### Excerpted records
*** Begin section ***

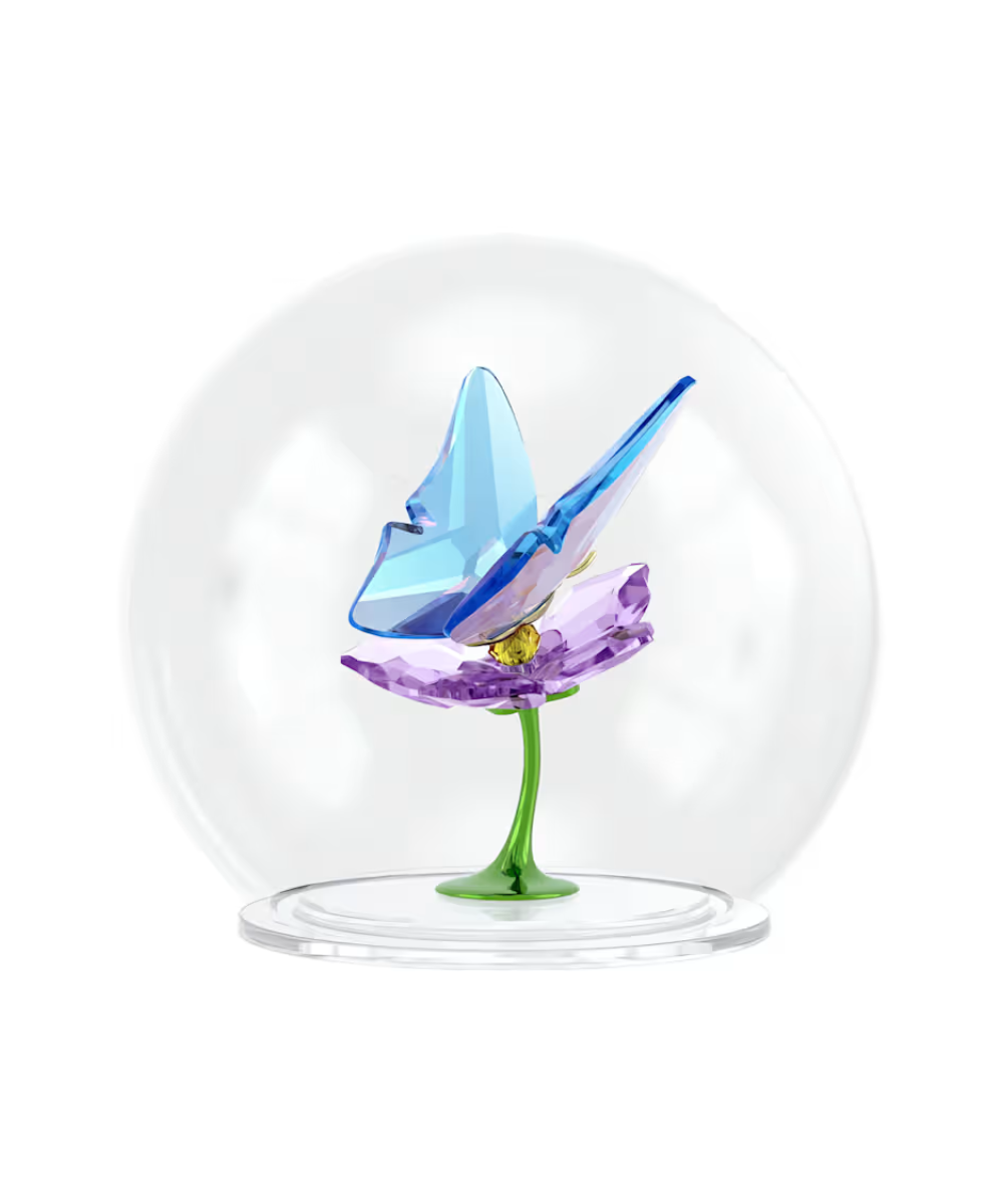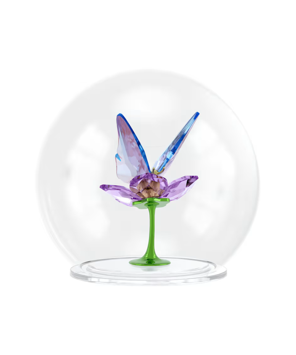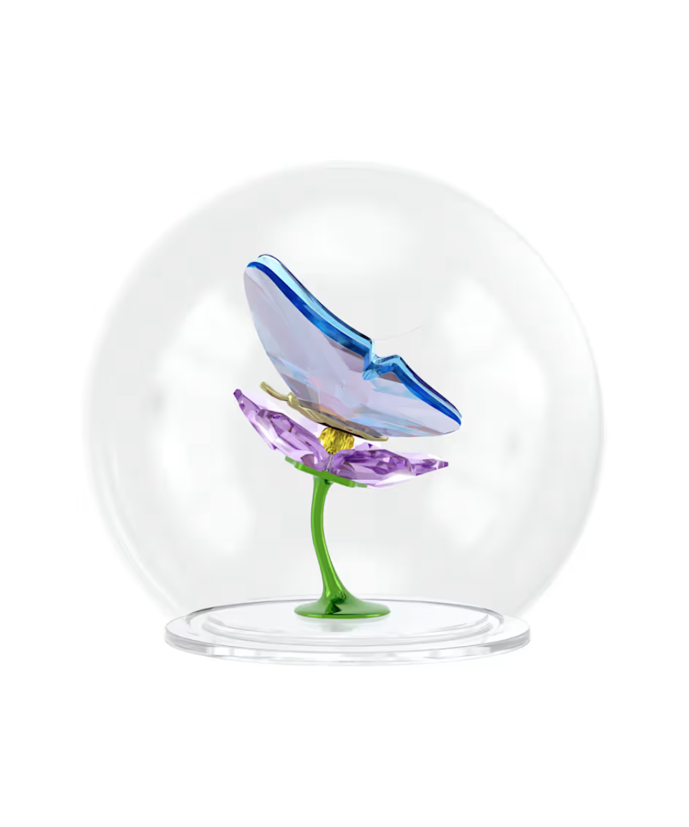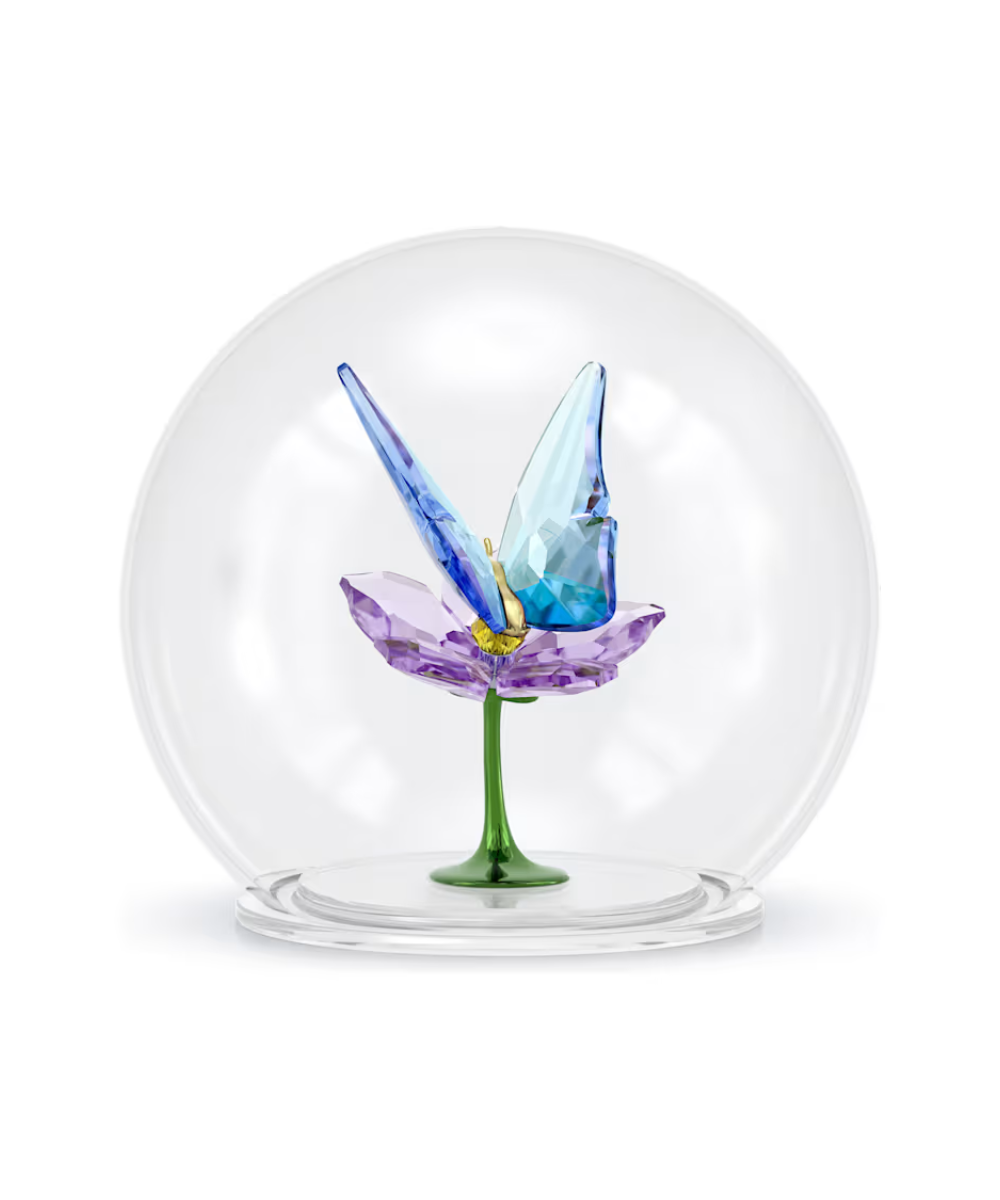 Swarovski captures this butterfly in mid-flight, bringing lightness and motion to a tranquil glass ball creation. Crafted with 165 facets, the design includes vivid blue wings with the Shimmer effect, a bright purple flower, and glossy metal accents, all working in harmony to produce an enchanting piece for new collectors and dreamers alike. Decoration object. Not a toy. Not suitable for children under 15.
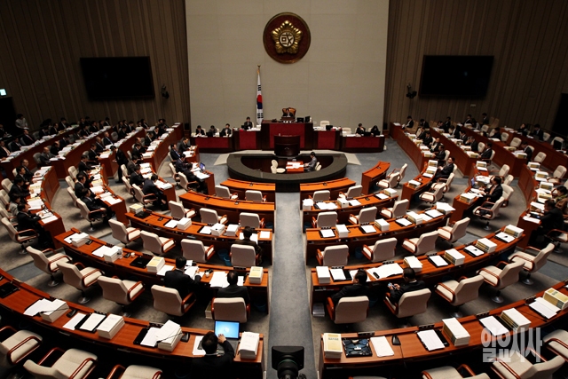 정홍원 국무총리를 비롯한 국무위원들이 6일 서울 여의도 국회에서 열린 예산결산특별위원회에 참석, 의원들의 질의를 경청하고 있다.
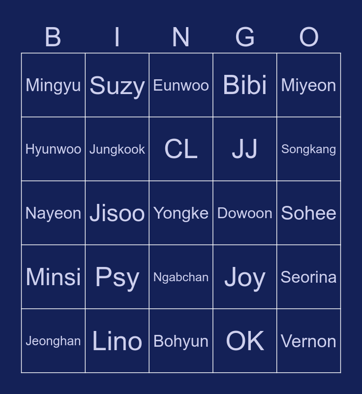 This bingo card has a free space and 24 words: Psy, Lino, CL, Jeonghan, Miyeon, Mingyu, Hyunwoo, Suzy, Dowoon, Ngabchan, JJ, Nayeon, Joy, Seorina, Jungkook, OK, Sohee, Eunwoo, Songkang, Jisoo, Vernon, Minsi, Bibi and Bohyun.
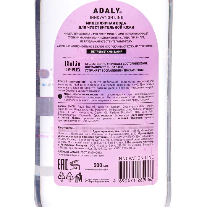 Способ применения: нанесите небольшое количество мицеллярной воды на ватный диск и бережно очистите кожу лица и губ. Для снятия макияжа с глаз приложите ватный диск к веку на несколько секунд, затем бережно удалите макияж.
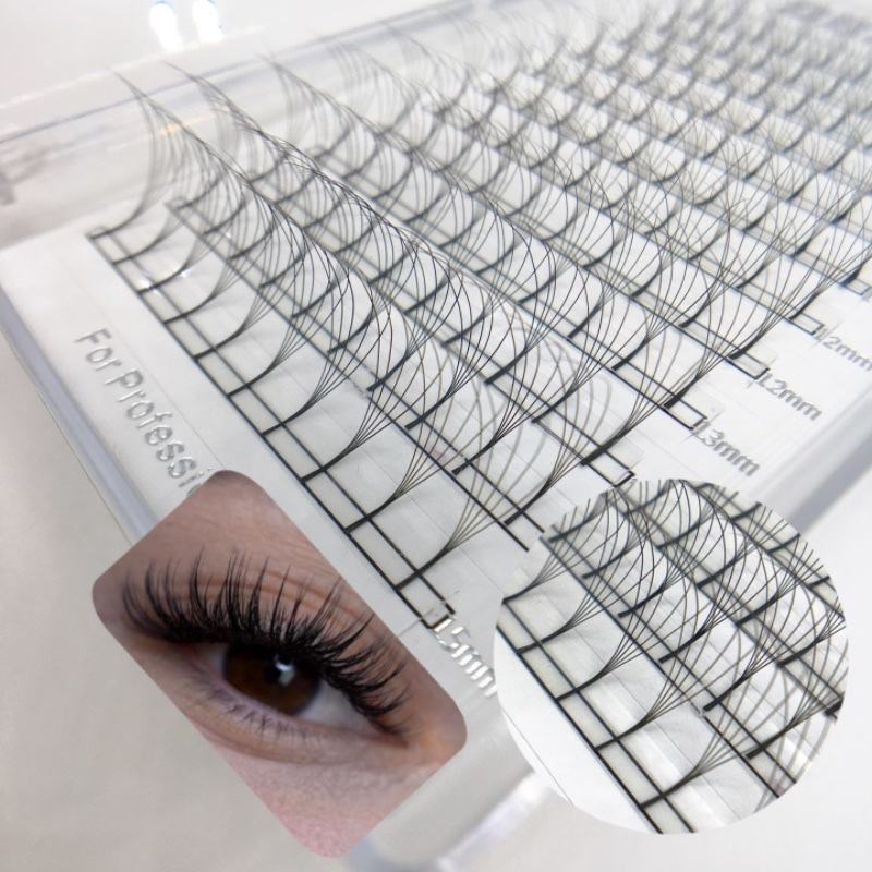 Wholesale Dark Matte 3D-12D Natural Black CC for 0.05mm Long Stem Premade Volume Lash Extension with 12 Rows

*** End section ***

Your copy should hold only the lines above from the one containing "This bingo card" through the one containing "Способ применения: нанесите", exactly as written and free of pictures.

### Response for this exercise
 This bingo card has a free space and 24 words: Psy, Lino, CL, Jeonghan, Miyeon, Mingyu, Hyunwoo, Suzy, Dowoon, Ngabchan, JJ, Nayeon, Joy, Seorina, Jungkook, OK, Sohee, Eunwoo, Songkang, Jisoo, Vernon, Minsi, Bibi and Bohyun.
 Способ применения: нанесите небольшое количество мицеллярной воды на ватный диск и бережно очистите кожу лица и губ. Для снятия макияжа с глаз приложите ватный диск к веку на несколько секунд, затем бережно удалите макияж.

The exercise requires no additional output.